When setting policy at the central bank, “I think about the dual mandate first, and I think about the two legs of that dual mandate, and those are maximum employment and stable prices,” Fed Governor Lisa Cook said in the hearing of the Senate Banking Committee that was vetting her for a new term at the Fed.
Since joining the Fed last year, Cook said she’s worked with her colleagues to combat high inflation and if she is confirmed for more time at the Fed, Cook said that’s how she will continue to work.
Cook attended the hearing with Philip Jefferson, a Fed governor nominated to become vice chair, and Adriana Kugler, the U.S. executive director to the World Bank who has been nominated to fill a governor slot. She was responding to a question from J.D. Vance, a Republican senator for Ohio, who pressed her over her past views about diversity problems and their potential ability to exacerbate economic and financial troubles.
Over the last few years, the Fed has faced considerable pressure to diversify the ranks of its leadership from largely white males who have dominated the institution since its founding. The Fed has itself embraced this shift, believing that leaders from different backgrounds promote more effective policy-making.

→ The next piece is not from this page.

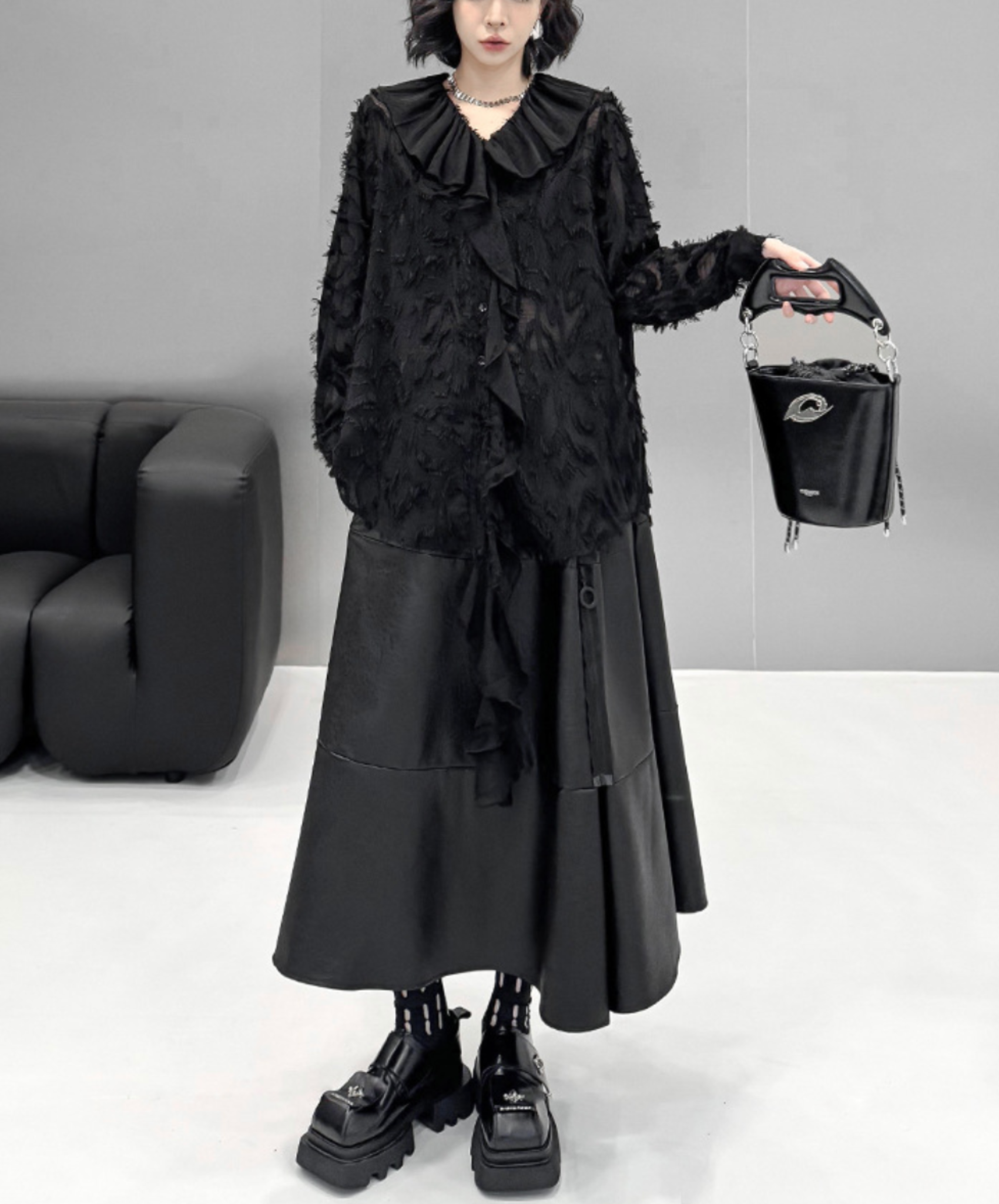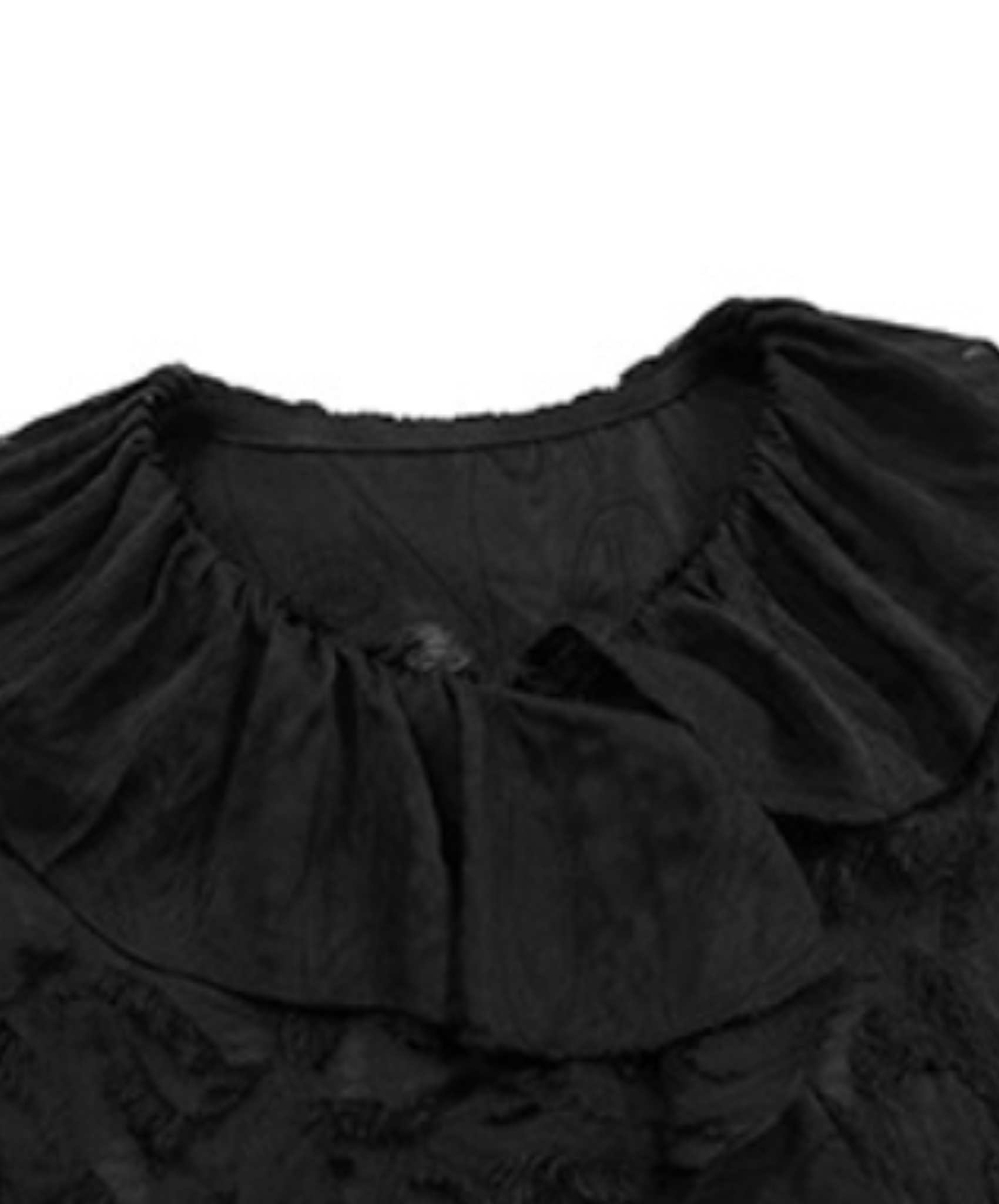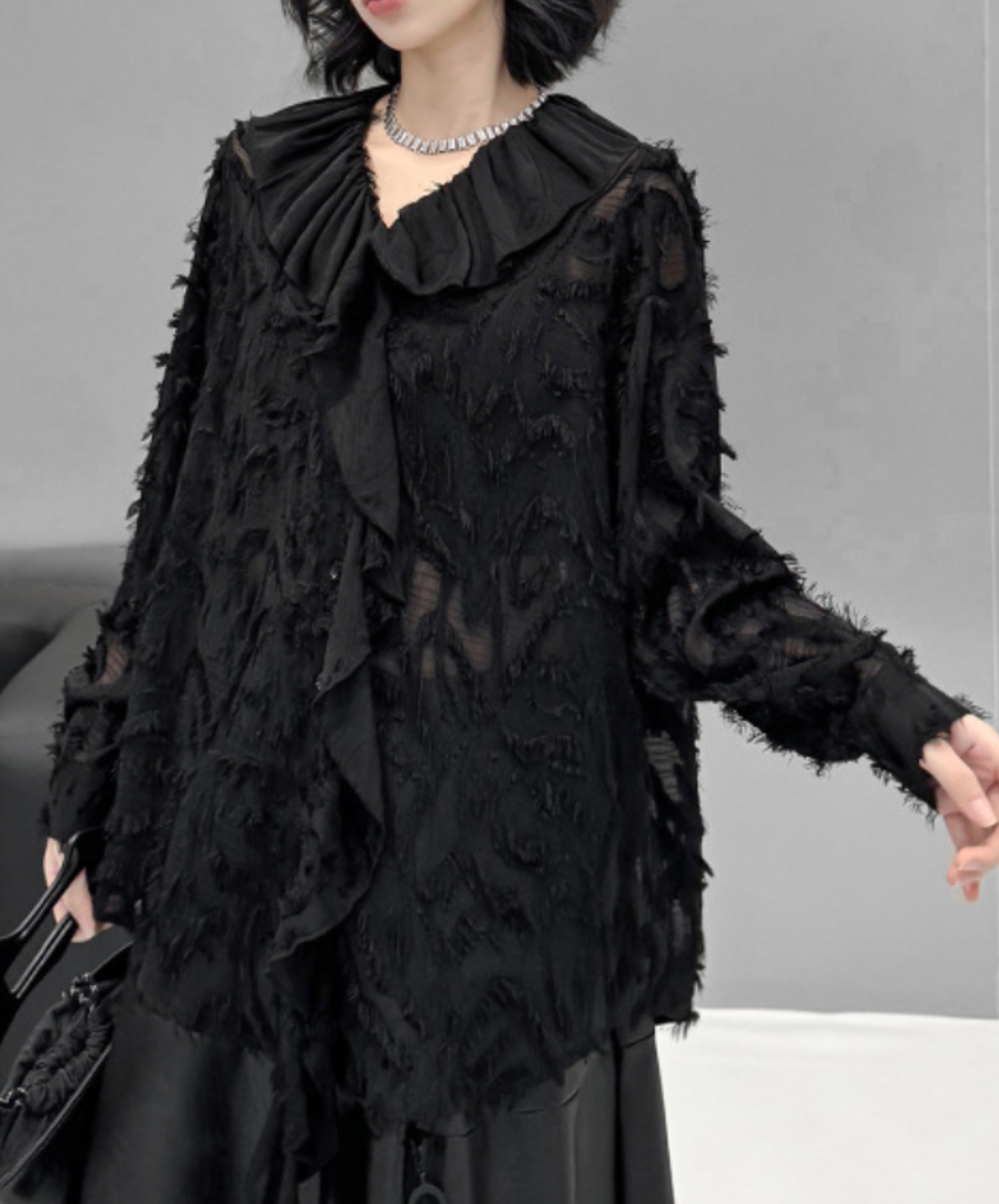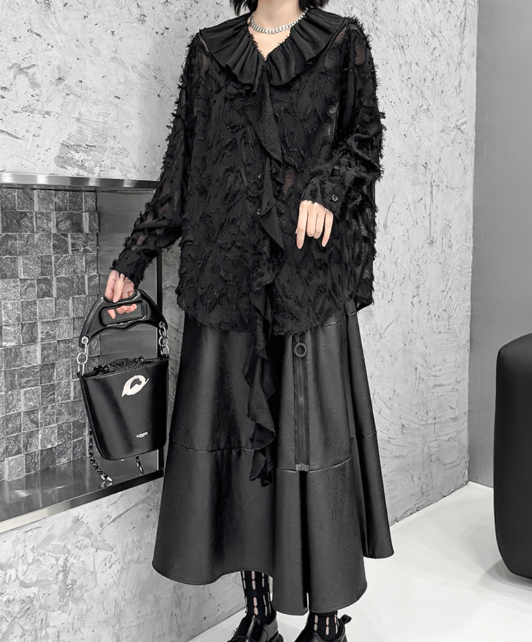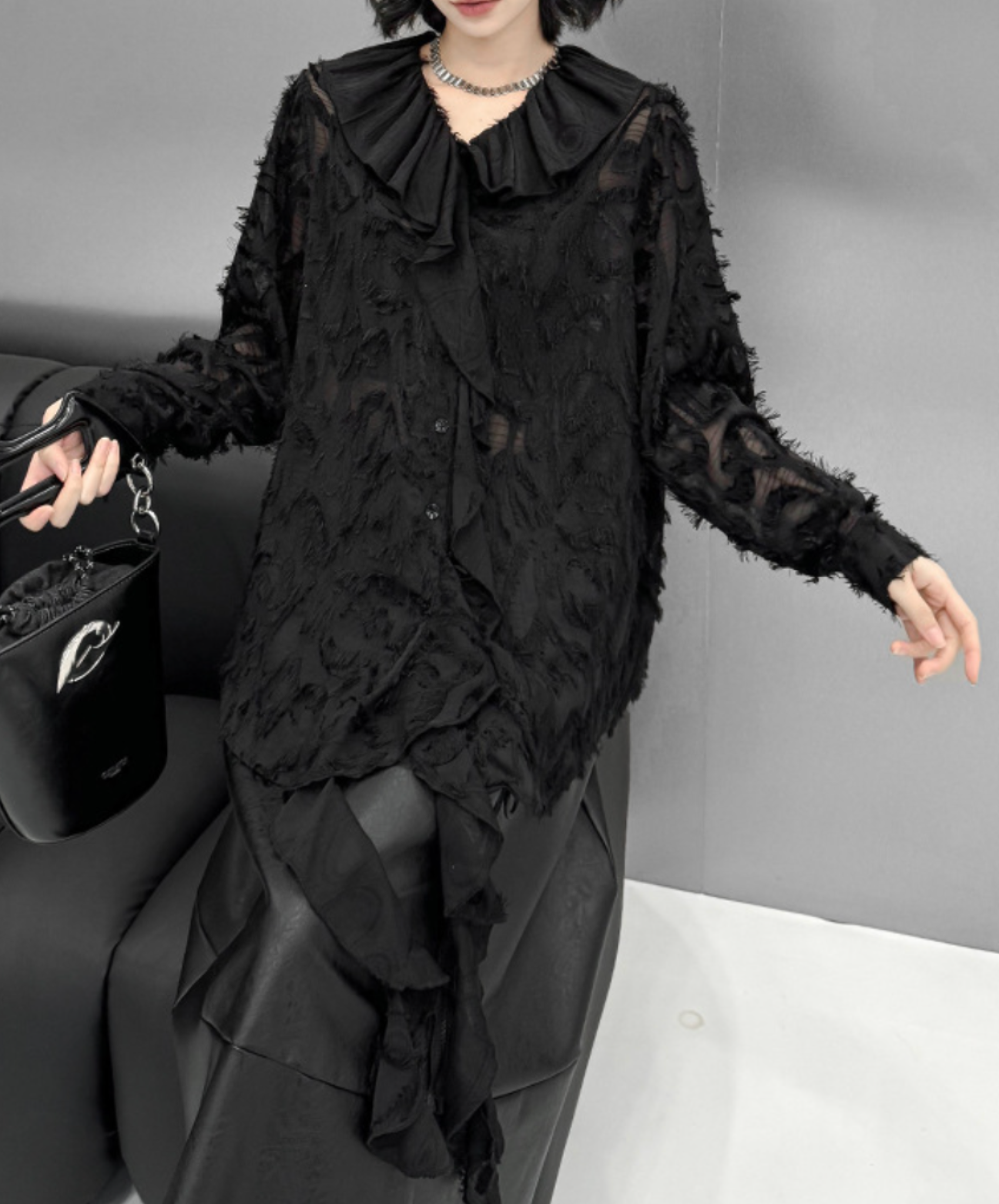 ・程よい透け感のフリンジレースを使用したシアーシャツ。
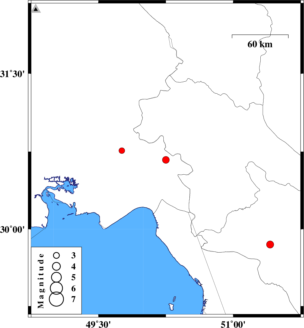 | 2010/03/11 | 18:31:07.7 | 22:01:07.7 | 30.76 | 49.76 | 45 | ML:3 | Khoozestan Province, 5 km Omidiyeh |

Kugler is prospectively the first-ever Latina to serve on the Fed in its just over a century long history. Cook and Jefferson are black.
At the hearing’s start, Tim Scott, a South Carolina Republican and ranking member of the Senate Banking Committee, said two of the three nominees “seem more interested in having government serve their personal ideologies and their political priorities.” He flagged interest into environmental problems and racial inequality as a concern and added he wants Fed nominees “who want to serve the country and not have their positions be leveraged for their ability to weave into our overall philosophy their ideologies.”
Kugler also defended the primacy of the Fed’s mandate, and did so in personal terms.
“I spent my childhood in Colombia, where in the late 1970s and early 80s inflation was very high, hovering about 25%. This is something that you saw and felt in everyday life,” and it reinforced the importance of keeping price pressures low, she said.
The three nominees did not offer any guidance about what they think the Fed should do with monetary policy beyond affirming the importance of bringing inflation back to the 2% target. The Fed has been raising rates aggressively to cool price pressures but skipped a hike at its most recent meeting to take stock of the cumulative impact of its past tightenings.
In their testimony, the nominees said they agreed that bank regulations should be tailored to the risk levels and complexity of a given financial firm. They also affirmed the importance of a banking system that has both small and large banks and said financial sector concentration is not desirable and that the Fed should carefully weigh bank merger applications.